## Description of the task
Beginning with the line that includes "2014年山西省肿瘤登记地区全部恶性肿瘤发病主要指标" and ending with the last line of the entries below, set down each line exactly; include no pictures.

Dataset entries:
┏━━

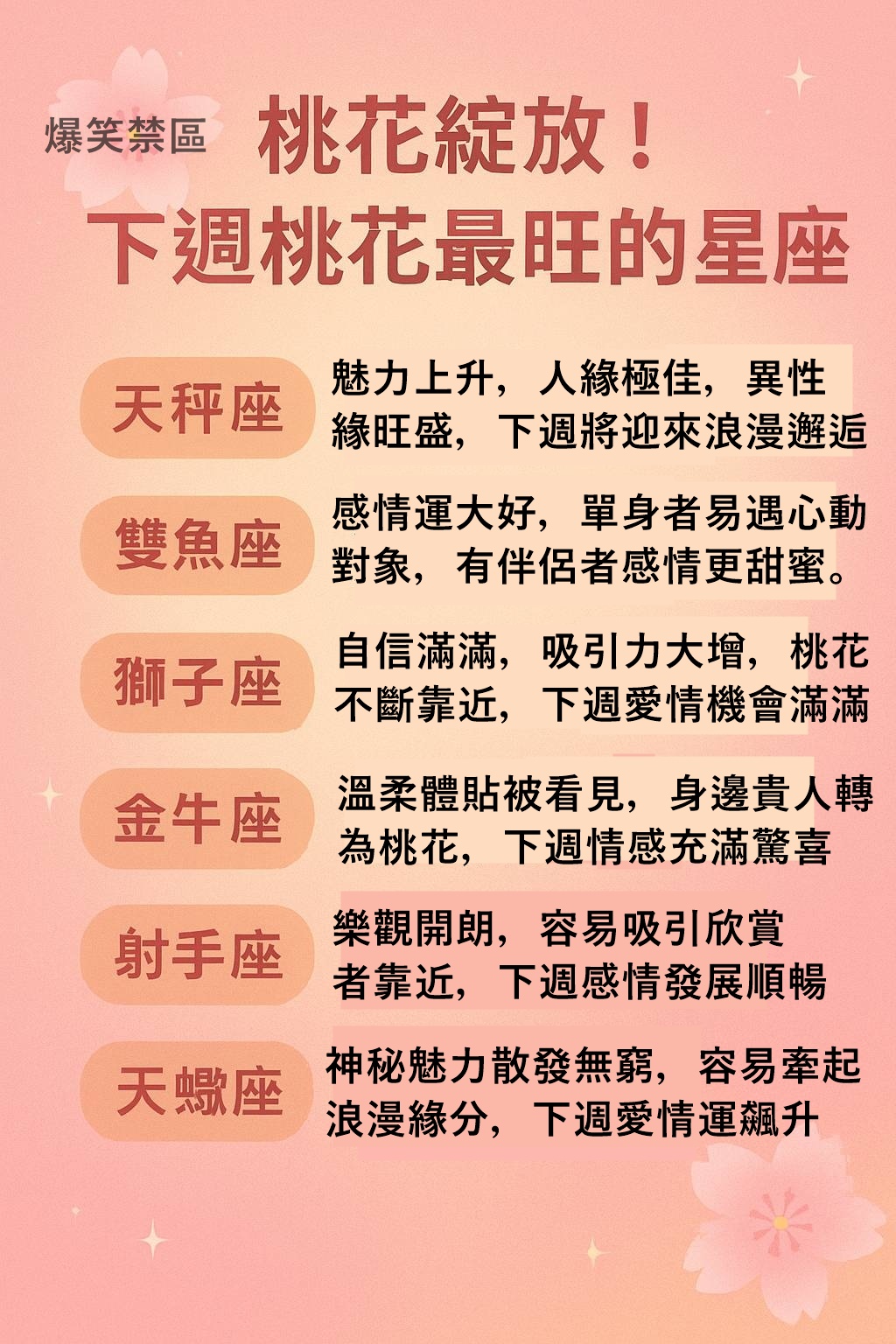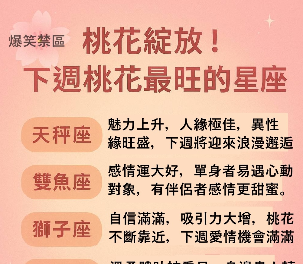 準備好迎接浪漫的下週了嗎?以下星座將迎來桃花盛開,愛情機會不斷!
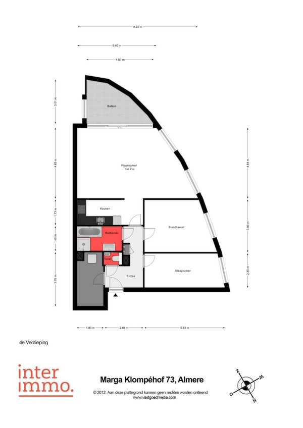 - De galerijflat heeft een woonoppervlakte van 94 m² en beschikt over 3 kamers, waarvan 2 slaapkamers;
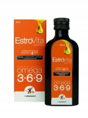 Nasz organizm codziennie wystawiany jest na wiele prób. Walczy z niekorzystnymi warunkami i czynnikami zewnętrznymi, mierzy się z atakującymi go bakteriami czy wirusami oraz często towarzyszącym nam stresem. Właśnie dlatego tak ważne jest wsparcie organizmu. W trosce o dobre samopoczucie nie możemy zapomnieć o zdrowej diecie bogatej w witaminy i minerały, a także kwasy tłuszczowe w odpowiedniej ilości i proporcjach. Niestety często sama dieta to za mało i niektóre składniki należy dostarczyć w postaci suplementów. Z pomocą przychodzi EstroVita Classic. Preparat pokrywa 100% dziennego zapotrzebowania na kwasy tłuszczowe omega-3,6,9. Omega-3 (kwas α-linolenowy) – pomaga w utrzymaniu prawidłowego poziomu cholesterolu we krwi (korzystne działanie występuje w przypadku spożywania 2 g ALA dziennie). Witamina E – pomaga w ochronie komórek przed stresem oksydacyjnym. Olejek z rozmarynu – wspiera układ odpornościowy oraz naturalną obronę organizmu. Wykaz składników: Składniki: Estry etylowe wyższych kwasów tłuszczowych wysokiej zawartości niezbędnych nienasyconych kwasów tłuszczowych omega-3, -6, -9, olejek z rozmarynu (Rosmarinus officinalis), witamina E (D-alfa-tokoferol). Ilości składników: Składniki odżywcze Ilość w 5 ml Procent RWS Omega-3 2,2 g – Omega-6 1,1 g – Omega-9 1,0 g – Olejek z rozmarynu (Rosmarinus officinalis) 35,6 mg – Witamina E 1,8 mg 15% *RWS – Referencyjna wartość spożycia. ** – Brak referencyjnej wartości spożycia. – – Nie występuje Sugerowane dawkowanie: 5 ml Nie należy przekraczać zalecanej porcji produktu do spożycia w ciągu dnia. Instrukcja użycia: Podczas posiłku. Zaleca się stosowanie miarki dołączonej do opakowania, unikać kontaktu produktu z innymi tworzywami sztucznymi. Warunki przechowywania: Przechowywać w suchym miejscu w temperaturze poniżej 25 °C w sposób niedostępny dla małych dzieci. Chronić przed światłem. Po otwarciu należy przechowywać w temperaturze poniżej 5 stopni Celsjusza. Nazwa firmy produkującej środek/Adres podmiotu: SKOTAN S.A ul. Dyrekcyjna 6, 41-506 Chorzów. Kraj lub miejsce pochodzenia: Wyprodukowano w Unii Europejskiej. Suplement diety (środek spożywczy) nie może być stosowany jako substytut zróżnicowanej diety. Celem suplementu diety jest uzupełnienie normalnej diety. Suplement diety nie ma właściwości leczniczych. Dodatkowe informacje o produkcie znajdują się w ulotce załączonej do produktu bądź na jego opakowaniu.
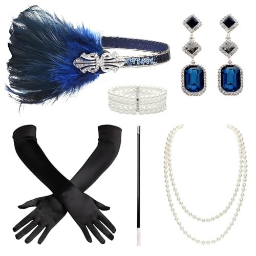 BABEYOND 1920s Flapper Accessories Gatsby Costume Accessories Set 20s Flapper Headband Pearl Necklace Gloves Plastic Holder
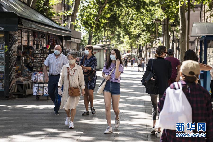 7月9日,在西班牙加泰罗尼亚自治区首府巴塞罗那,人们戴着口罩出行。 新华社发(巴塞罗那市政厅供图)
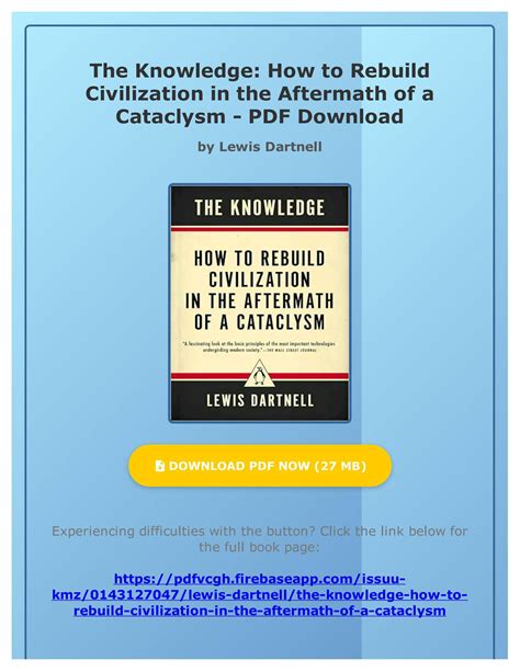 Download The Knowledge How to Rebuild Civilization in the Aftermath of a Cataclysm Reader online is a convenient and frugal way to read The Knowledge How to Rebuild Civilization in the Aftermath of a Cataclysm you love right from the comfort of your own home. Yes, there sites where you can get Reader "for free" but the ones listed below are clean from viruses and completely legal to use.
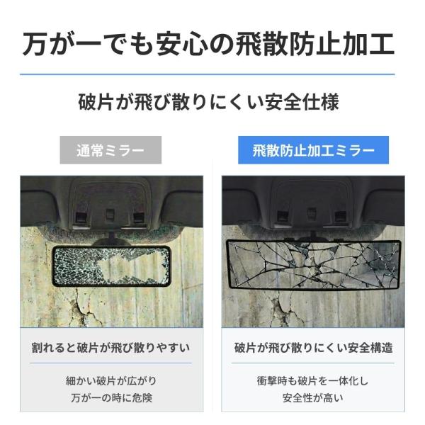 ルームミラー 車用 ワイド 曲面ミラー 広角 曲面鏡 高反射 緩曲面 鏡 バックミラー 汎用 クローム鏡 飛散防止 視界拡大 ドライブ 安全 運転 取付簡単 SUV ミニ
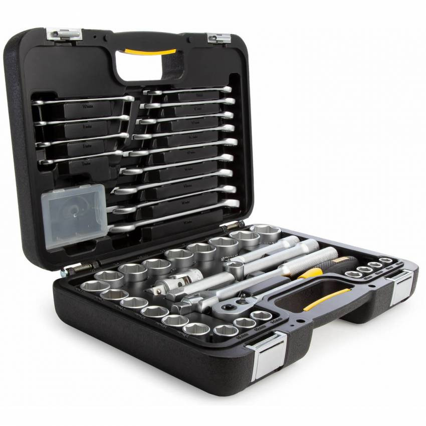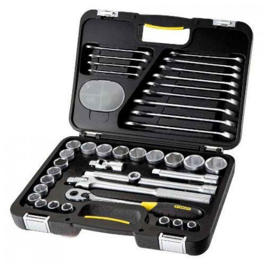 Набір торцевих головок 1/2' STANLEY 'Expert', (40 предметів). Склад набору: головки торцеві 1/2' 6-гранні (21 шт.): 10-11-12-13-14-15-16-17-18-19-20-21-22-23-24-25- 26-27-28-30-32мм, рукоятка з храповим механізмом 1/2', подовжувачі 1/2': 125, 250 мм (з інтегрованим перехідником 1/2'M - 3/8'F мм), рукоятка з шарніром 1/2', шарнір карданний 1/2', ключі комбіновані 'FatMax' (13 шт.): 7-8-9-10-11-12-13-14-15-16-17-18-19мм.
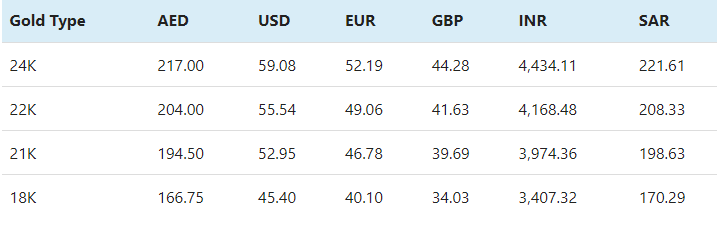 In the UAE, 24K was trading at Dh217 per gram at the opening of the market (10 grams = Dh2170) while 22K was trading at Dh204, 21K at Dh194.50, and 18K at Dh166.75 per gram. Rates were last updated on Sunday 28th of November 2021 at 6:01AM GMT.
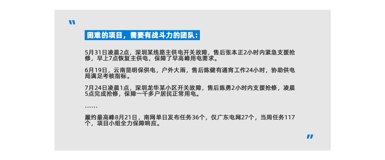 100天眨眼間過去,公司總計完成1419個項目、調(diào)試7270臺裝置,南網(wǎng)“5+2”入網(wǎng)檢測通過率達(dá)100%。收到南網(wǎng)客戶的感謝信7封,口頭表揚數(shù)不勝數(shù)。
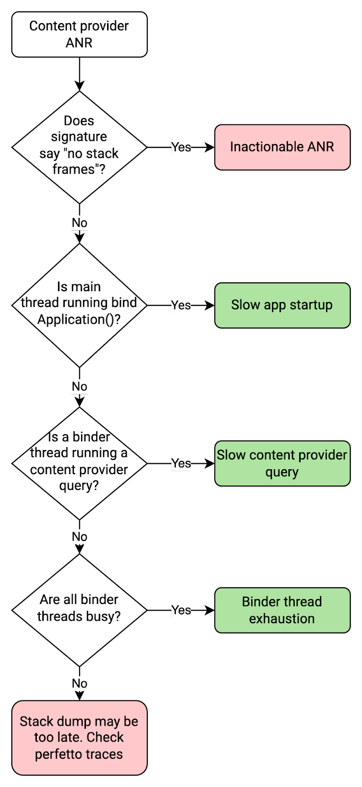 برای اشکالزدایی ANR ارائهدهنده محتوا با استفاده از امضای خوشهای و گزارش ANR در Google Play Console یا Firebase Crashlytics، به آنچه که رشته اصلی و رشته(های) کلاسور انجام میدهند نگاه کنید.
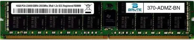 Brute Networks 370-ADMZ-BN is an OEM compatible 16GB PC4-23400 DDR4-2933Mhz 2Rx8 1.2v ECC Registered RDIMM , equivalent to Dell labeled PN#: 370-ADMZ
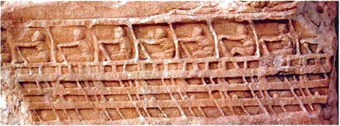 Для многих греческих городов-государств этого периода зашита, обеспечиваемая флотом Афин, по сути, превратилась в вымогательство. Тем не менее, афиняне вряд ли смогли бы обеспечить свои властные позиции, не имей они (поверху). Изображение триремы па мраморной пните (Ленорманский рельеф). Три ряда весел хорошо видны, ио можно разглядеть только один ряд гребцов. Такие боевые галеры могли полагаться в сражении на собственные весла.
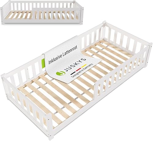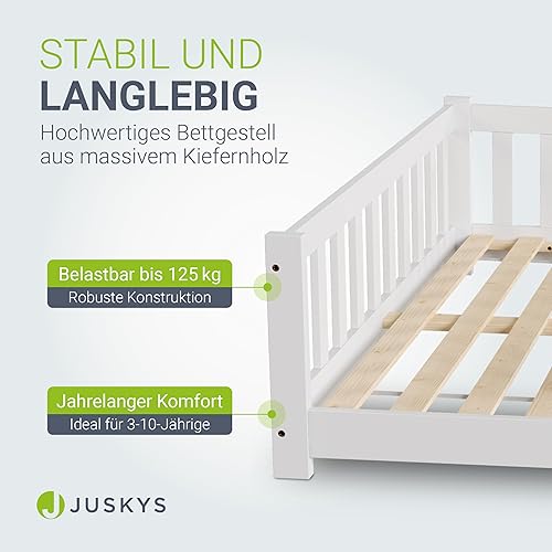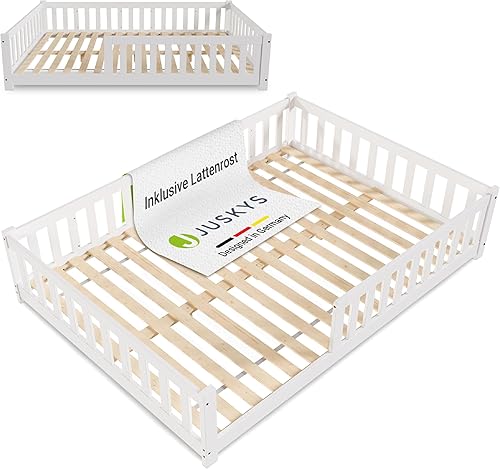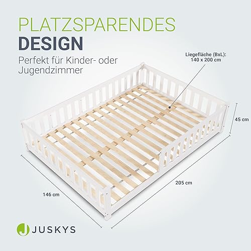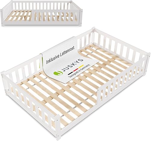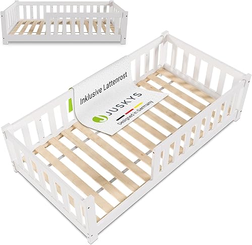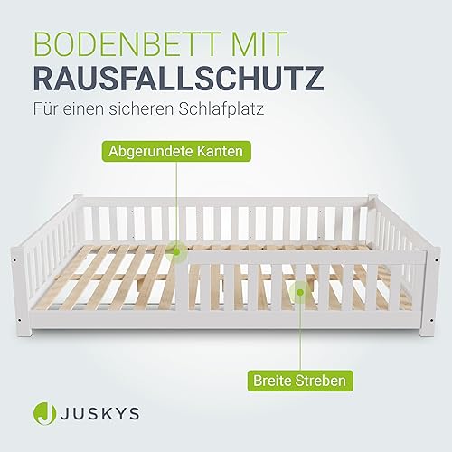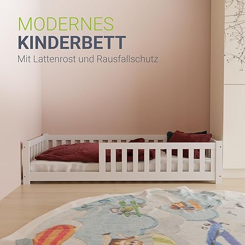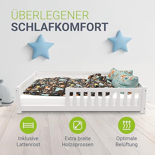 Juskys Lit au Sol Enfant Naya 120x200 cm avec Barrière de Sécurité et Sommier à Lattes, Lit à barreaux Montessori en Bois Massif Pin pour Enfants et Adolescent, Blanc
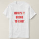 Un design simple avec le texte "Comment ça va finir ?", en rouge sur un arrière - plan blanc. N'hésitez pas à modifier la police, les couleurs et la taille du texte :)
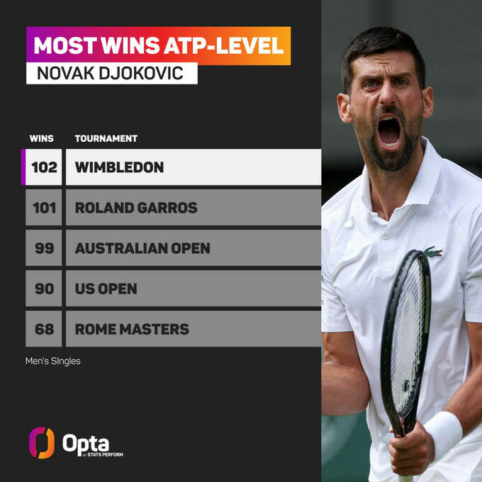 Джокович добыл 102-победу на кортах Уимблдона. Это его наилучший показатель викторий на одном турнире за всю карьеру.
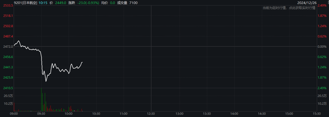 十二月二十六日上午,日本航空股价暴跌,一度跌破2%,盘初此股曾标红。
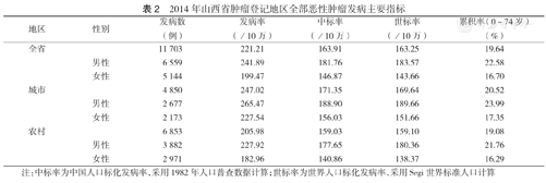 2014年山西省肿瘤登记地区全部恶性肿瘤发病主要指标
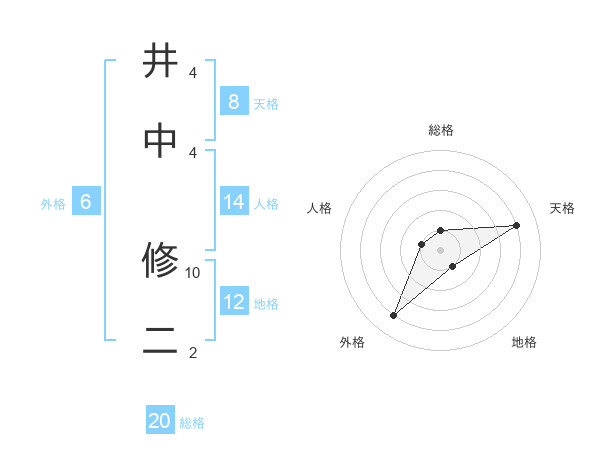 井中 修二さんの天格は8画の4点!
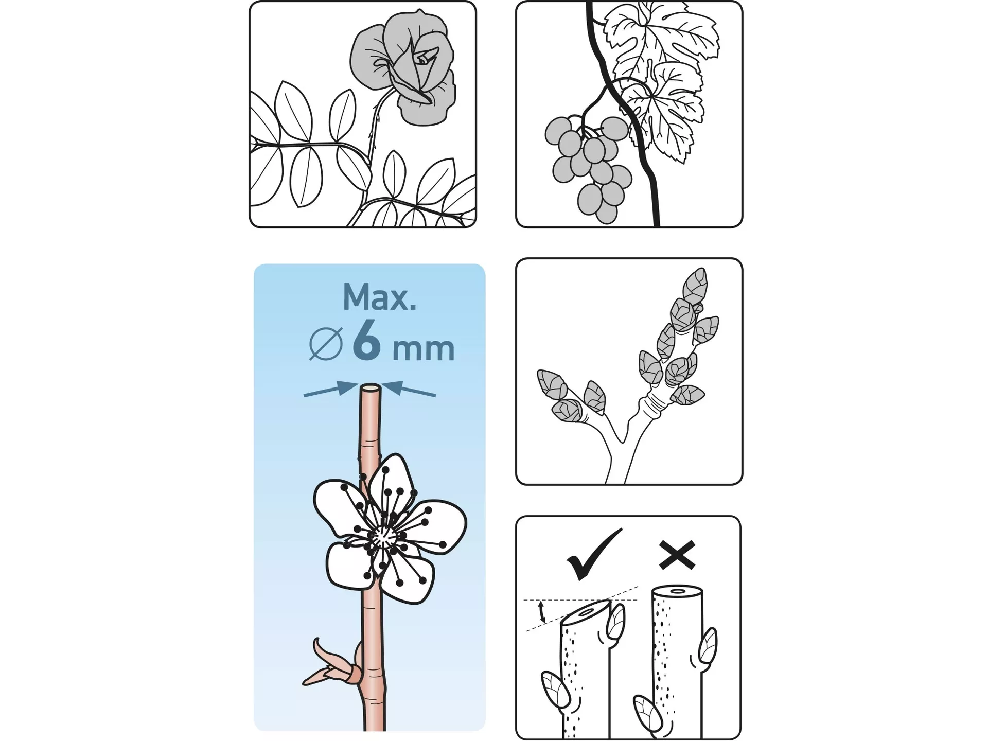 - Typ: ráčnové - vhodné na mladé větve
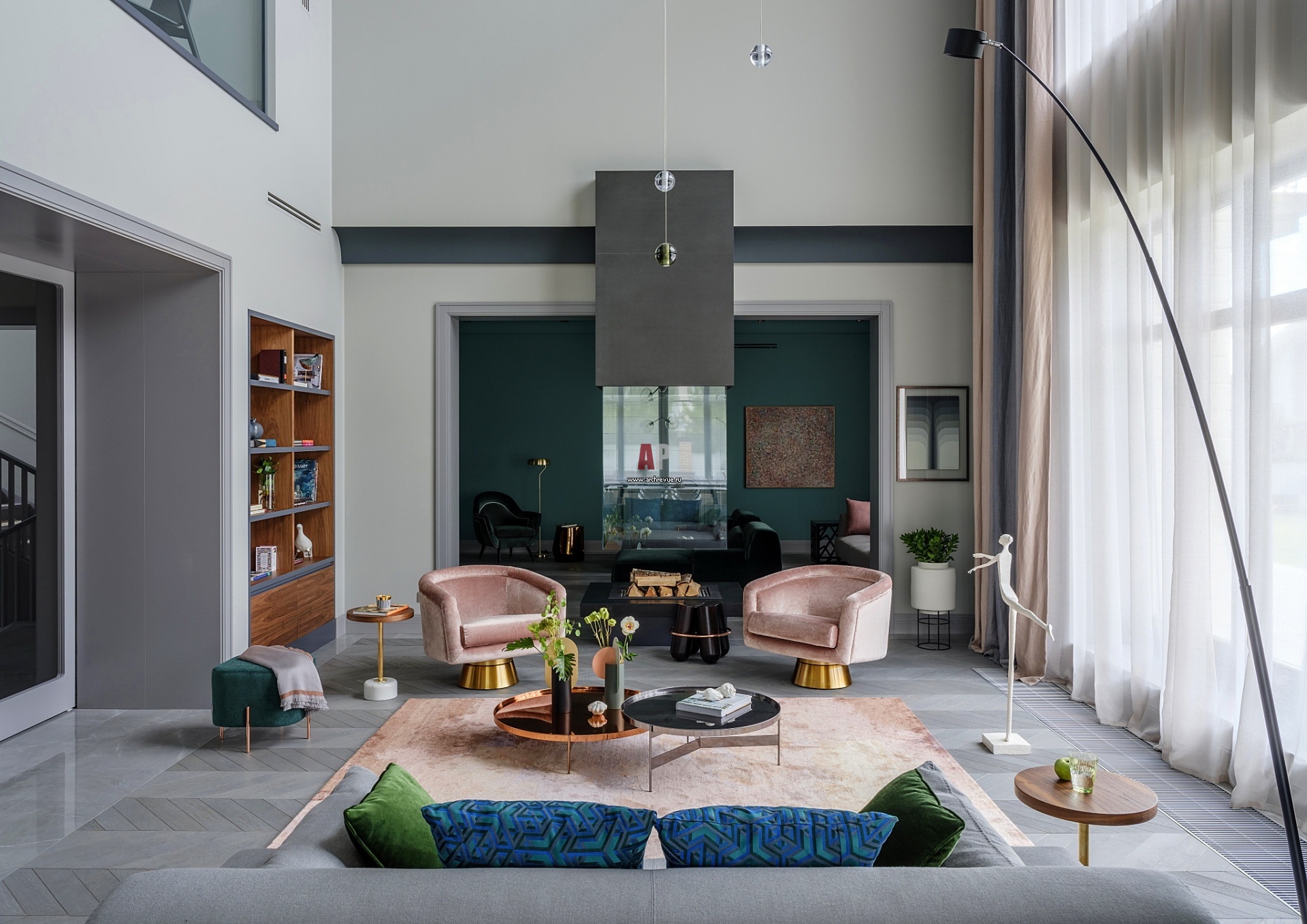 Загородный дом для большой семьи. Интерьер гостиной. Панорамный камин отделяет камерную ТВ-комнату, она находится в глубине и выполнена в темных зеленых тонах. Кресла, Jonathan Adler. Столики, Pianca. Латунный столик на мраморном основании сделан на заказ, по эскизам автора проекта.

┗━━

## Final answer
 2014年山西省肿瘤登记地区全部恶性肿瘤发病主要指标
 井中 修二さんの天格は8画の4点!
 - Typ: ráčnové - vhodné na mladé větve
 Загородный дом для большой семьи. Интерьер гостиной. Панорамный камин отделяет камерную ТВ-комнату, она находится в глубине и выполнена в темных зеленых тонах. Кресла, Jonathan Adler. Столики, Pianca. Латунный столик на мраморном основании сделан на заказ, по эскизам автора проекта.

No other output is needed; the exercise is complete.